Exercise details: Everything in the data must be repeated exactly, apart from the pictures, which are left out.

Source records:
+++

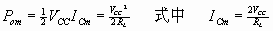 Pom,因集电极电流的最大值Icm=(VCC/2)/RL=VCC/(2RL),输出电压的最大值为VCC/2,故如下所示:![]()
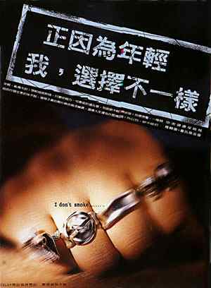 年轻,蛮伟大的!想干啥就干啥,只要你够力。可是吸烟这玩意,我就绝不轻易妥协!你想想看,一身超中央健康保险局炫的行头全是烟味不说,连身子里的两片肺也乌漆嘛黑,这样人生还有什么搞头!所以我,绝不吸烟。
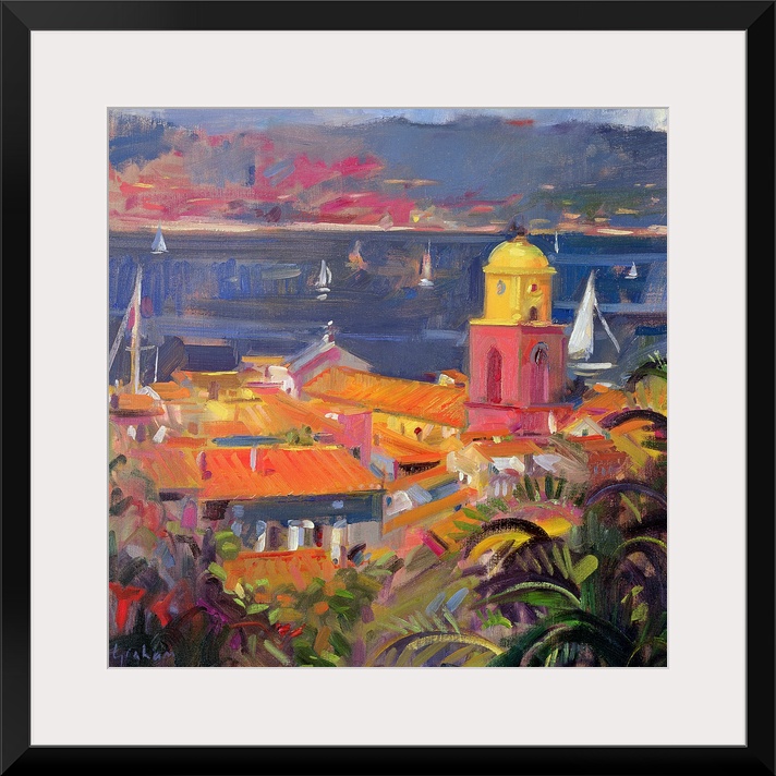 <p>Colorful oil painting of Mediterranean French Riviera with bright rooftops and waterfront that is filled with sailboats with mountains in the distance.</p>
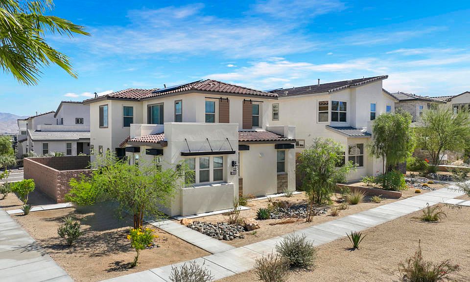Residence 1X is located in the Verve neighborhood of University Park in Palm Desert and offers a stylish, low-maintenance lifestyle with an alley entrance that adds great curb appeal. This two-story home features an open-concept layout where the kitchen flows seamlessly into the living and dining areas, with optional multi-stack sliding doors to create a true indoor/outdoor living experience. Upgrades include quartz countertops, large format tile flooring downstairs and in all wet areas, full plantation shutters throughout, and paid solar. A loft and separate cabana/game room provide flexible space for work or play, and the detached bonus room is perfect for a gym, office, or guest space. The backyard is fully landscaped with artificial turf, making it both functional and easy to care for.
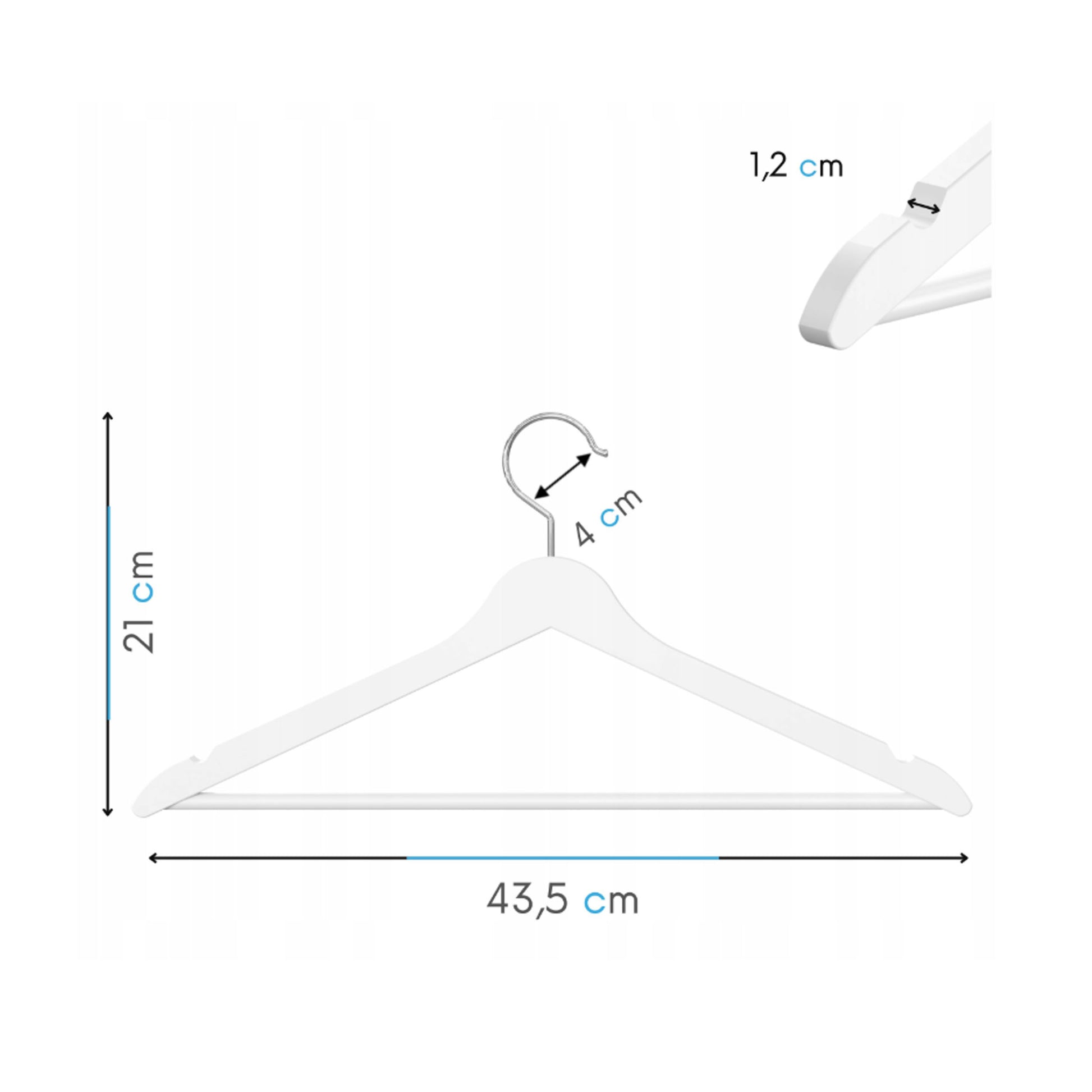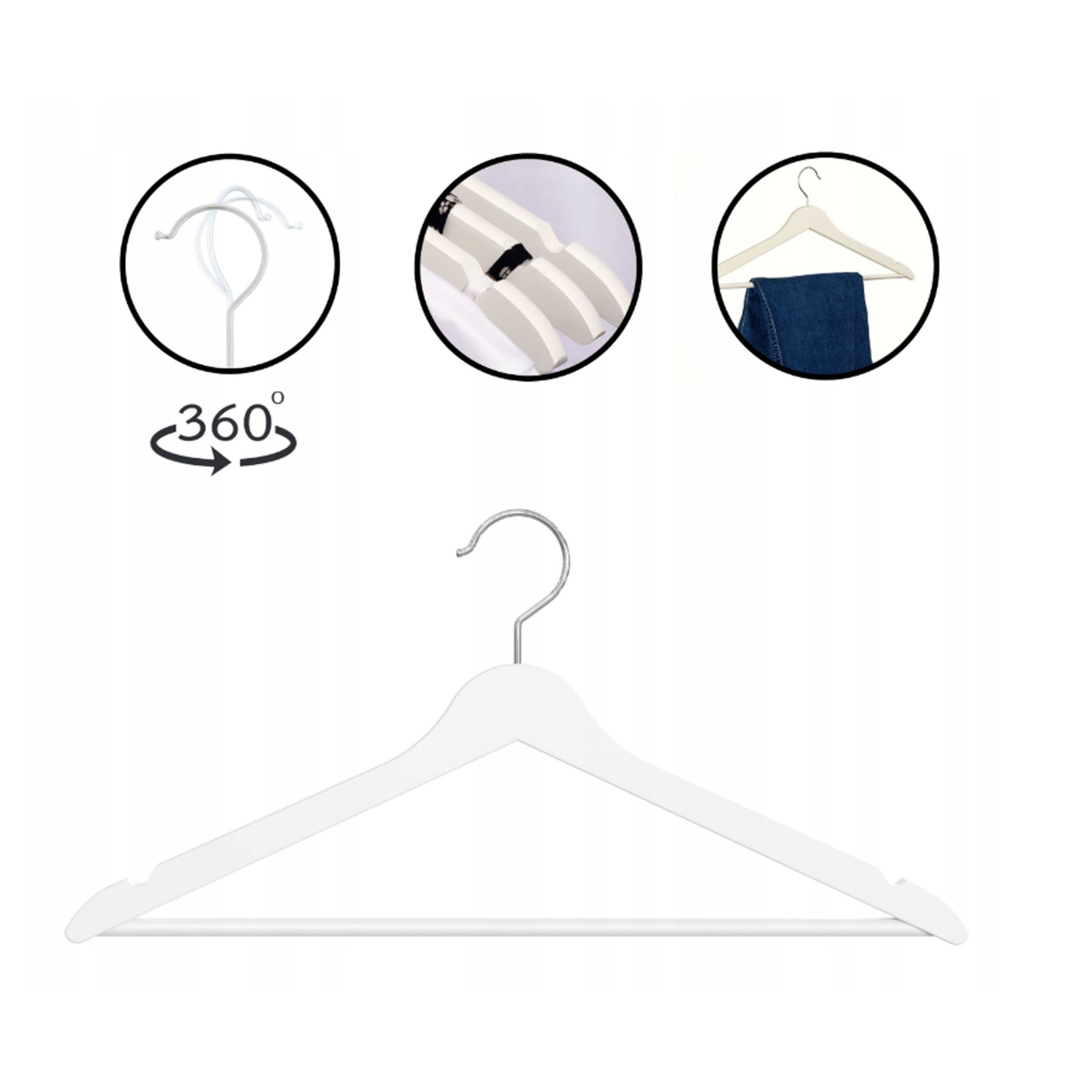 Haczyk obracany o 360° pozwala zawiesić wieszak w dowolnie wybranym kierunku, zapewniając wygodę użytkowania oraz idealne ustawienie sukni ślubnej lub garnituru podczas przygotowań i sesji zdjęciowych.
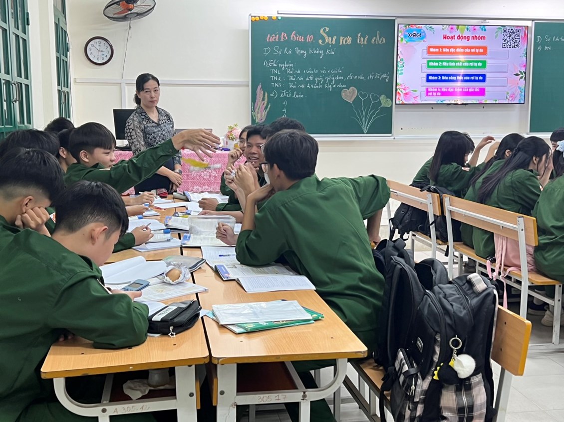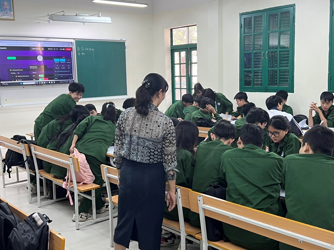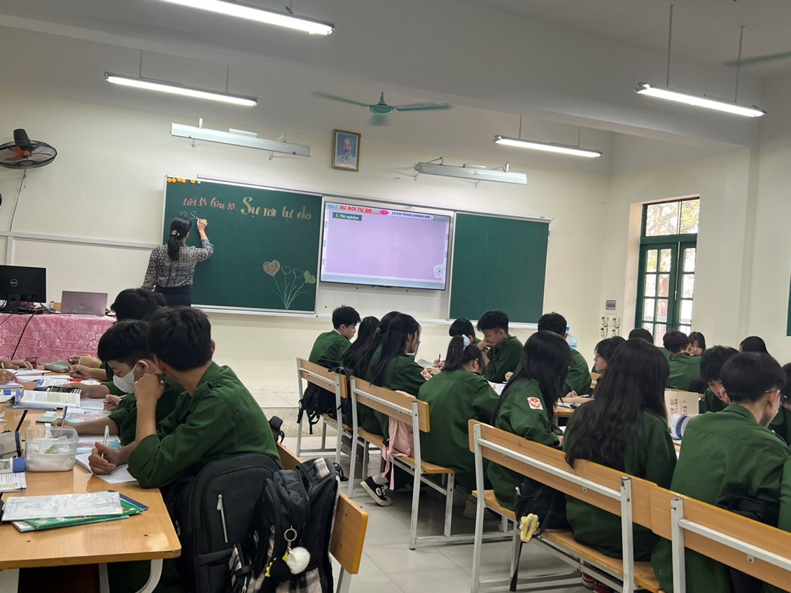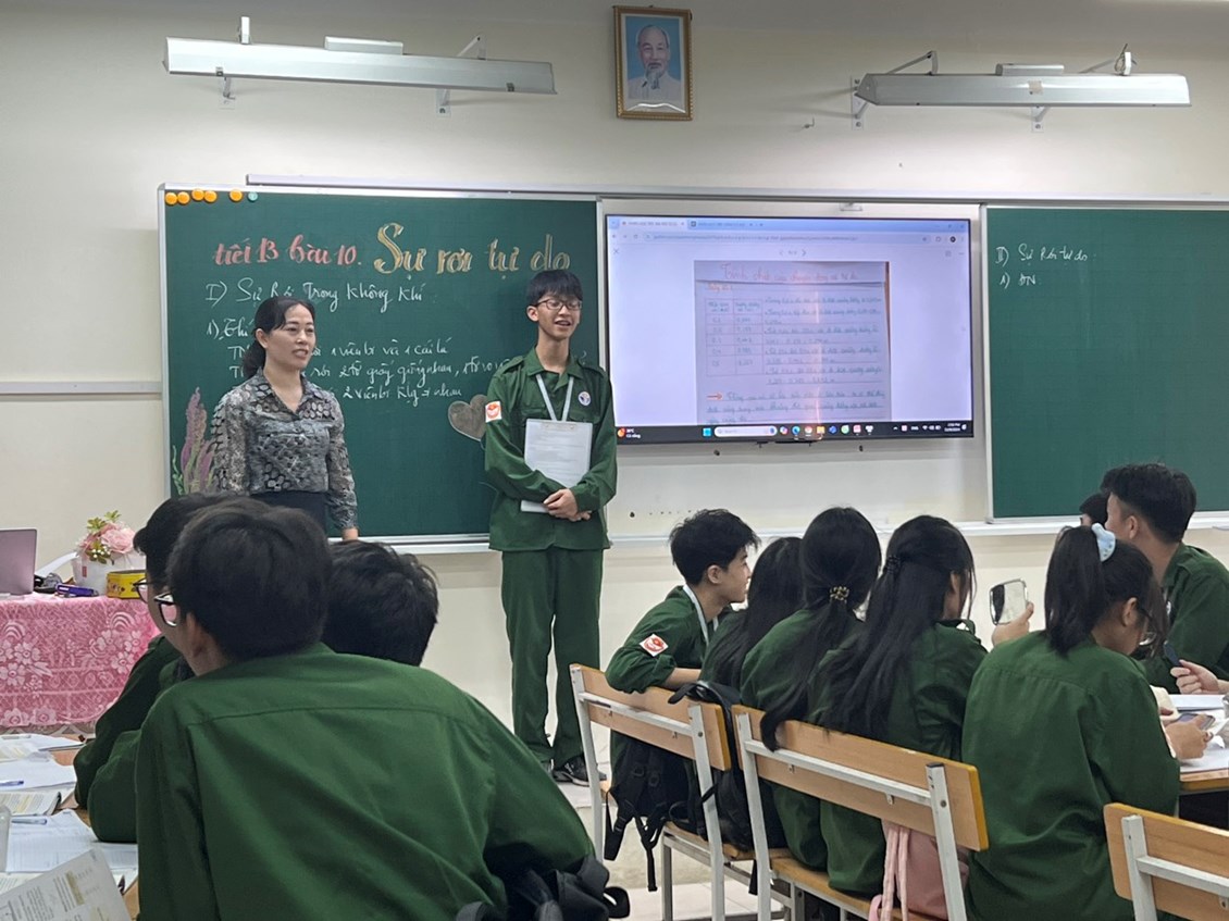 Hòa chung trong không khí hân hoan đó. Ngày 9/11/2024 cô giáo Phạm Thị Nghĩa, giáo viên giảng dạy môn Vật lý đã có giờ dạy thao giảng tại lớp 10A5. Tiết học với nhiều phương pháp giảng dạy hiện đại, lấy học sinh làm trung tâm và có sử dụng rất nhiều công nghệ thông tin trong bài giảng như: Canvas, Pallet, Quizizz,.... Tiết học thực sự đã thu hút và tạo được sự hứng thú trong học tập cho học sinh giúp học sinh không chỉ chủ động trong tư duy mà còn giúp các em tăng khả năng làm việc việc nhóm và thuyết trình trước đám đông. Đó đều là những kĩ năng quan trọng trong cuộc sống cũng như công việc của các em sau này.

+++

Answer section:
 Pom,因集电极电流的最大值Icm=(VCC/2)/RL=VCC/(2RL),输出电压的最大值为VCC/2,故如下所示:![]()
 年轻,蛮伟大的!想干啥就干啥,只要你够力。可是吸烟这玩意,我就绝不轻易妥协!你想想看,一身超中央健康保险局炫的行头全是烟味不说,连身子里的两片肺也乌漆嘛黑,这样人生还有什么搞头!所以我,绝不吸烟。
 <p>Colorful oil painting of Mediterranean French Riviera with bright rooftops and waterfront that is filled with sailboats with mountains in the distance.</p>
Residence 1X is located in the Verve neighborhood of University Park in Palm Desert and offers a stylish, low-maintenance lifestyle with an alley entrance that adds great curb appeal. This two-story home features an open-concept layout where the kitchen flows seamlessly into the living and dining areas, with optional multi-stack sliding doors to create a true indoor/outdoor living experience. Upgrades include quartz countertops, large format tile flooring downstairs and in all wet areas, full plantation shutters throughout, and paid solar. A loft and separate cabana/game room provide flexible space for work or play, and the detached bonus room is perfect for a gym, office, or guest space. The backyard is fully landscaped with artificial turf, making it both functional and easy to care for.
 Haczyk obracany o 360° pozwala zawiesić wieszak w dowolnie wybranym kierunku, zapewniając wygodę użytkowania oraz idealne ustawienie sukni ślubnej lub garnituru podczas przygotowań i sesji zdjęciowych.
 Hòa chung trong không khí hân hoan đó. Ngày 9/11/2024 cô giáo Phạm Thị Nghĩa, giáo viên giảng dạy môn Vật lý đã có giờ dạy thao giảng tại lớp 10A5. Tiết học với nhiều phương pháp giảng dạy hiện đại, lấy học sinh làm trung tâm và có sử dụng rất nhiều công nghệ thông tin trong bài giảng như: Canvas, Pallet, Quizizz,.... Tiết học thực sự đã thu hút và tạo được sự hứng thú trong học tập cho học sinh giúp học sinh không chỉ chủ động trong tư duy mà còn giúp các em tăng khả năng làm việc việc nhóm và thuyết trình trước đám đông. Đó đều là những kĩ năng quan trọng trong cuộc sống cũng như công việc của các em sau này.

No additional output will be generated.